### Task
Give the lines below again, exactly as they stand, and leave out the images.

### Collected data

════

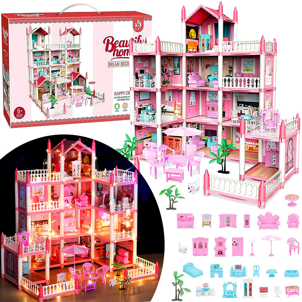 DOMEK DLA LALEK DUŻY ŚWIATŁO LED AKCESORIA MEBLE 4 PIĘTRA + MEBELKI + AKCESORIA
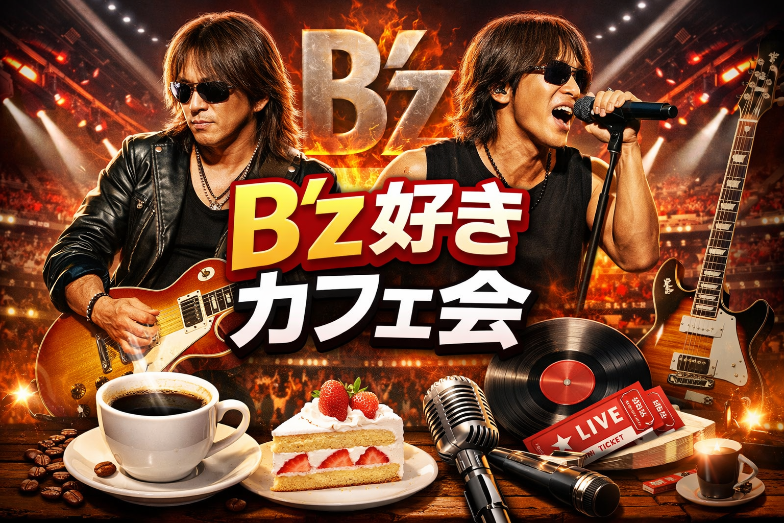 ライブの思い出、好きなアルバムや曲、推しポイントなど、B’zの魅力をたっぷり語れるカフェ会です!
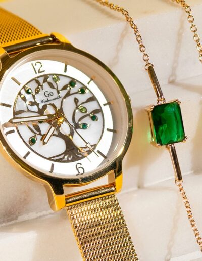 Cette élégante création 695571 de notre collection de montres GO Mademoiselle ARBRE DE VIE s’inspire des essences et des charmes de la nature. Elle saura vous accompagner dans tous vos précieux moments. Faites une pause… et admirez son cadran Argenté & nacré délicatement ciselé de ce symbole universel de protection, de sagesse et d’éternité. Ce mariage harmonieux entre un boitier aux douces courbes et un délicat bracelet Doré vous fera succomber !
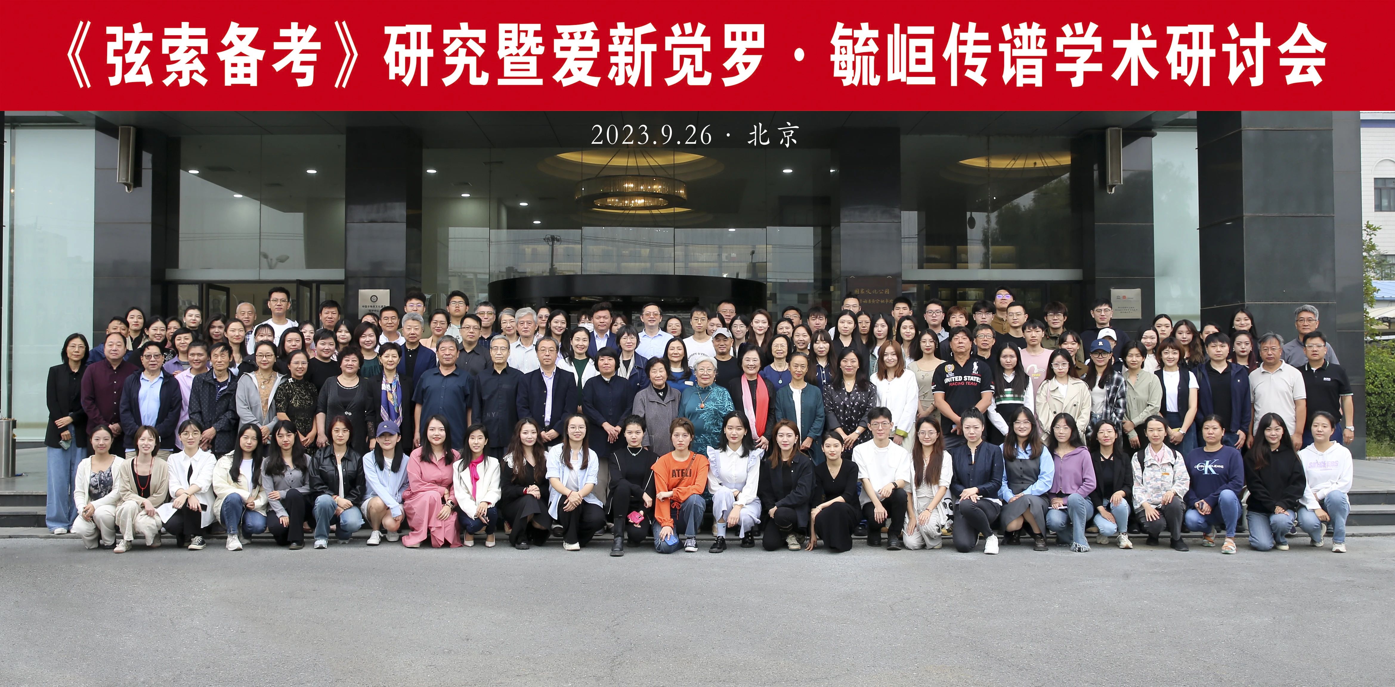 2023年9月26日由中国艺术研究院音乐研究所与中国民族管弦乐学会三弦专业委员会共同主办的“《弦索备考》研究暨爱新觉罗·毓峘传谱学术研讨会”在北京成功举办。中国艺术研究院副院长喻静女士;中国民族管弦乐学会副会长兼秘书长赵东升先生;中国艺术研究院音乐研究所所长李宏峰研究员和副所长冯卓慧研究员;中央音乐学院民乐系系主任章红艳教授;爱新觉罗·毓峘先生的夫人朱维华女士;中国民族管弦乐学会三弦专业委员会名誉会长谈龙建和常务副会长领春;中国艺术研究院音乐研究所项阳研究员、薛艺兵研究员、李玫研究员;中央音乐学院褚历教授、王宇琪教授;中国音乐学院刘勇教授;中国戏曲学院洪伟教授;《人民音乐》荣英涛先生;《音乐周报》卢旸女士;《乐器》孟建军先生,以及约150名来自各艺术院校、文艺团体乃至全国各地的专家学者、演奏家、教育家、媒体记者以及众多在读学子出席了研讨会。

════

### Task response
 DOMEK DLA LALEK DUŻY ŚWIATŁO LED AKCESORIA MEBLE 4 PIĘTRA + MEBELKI + AKCESORIA
 ライブの思い出、好きなアルバムや曲、推しポイントなど、B’zの魅力をたっぷり語れるカフェ会です!
 Cette élégante création 695571 de notre collection de montres GO Mademoiselle ARBRE DE VIE s’inspire des essences et des charmes de la nature. Elle saura vous accompagner dans tous vos précieux moments. Faites une pause… et admirez son cadran Argenté & nacré délicatement ciselé de ce symbole universel de protection, de sagesse et d’éternité. Ce mariage harmonieux entre un boitier aux douces courbes et un délicat bracelet Doré vous fera succomber !
 2023年9月26日由中国艺术研究院音乐研究所与中国民族管弦乐学会三弦专业委员会共同主办的“《弦索备考》研究暨爱新觉罗·毓峘传谱学术研讨会”在北京成功举办。中国艺术研究院副院长喻静女士;中国民族管弦乐学会副会长兼秘书长赵东升先生;中国艺术研究院音乐研究所所长李宏峰研究员和副所长冯卓慧研究员;中央音乐学院民乐系系主任章红艳教授;爱新觉罗·毓峘先生的夫人朱维华女士;中国民族管弦乐学会三弦专业委员会名誉会长谈龙建和常务副会长领春;中国艺术研究院音乐研究所项阳研究员、薛艺兵研究员、李玫研究员;中央音乐学院褚历教授、王宇琪教授;中国音乐学院刘勇教授;中国戏曲学院洪伟教授;《人民音乐》荣英涛先生;《音乐周报》卢旸女士;《乐器》孟建军先生,以及约150名来自各艺术院校、文艺团体乃至全国各地的专家学者、演奏家、教育家、媒体记者以及众多在读学子出席了研讨会。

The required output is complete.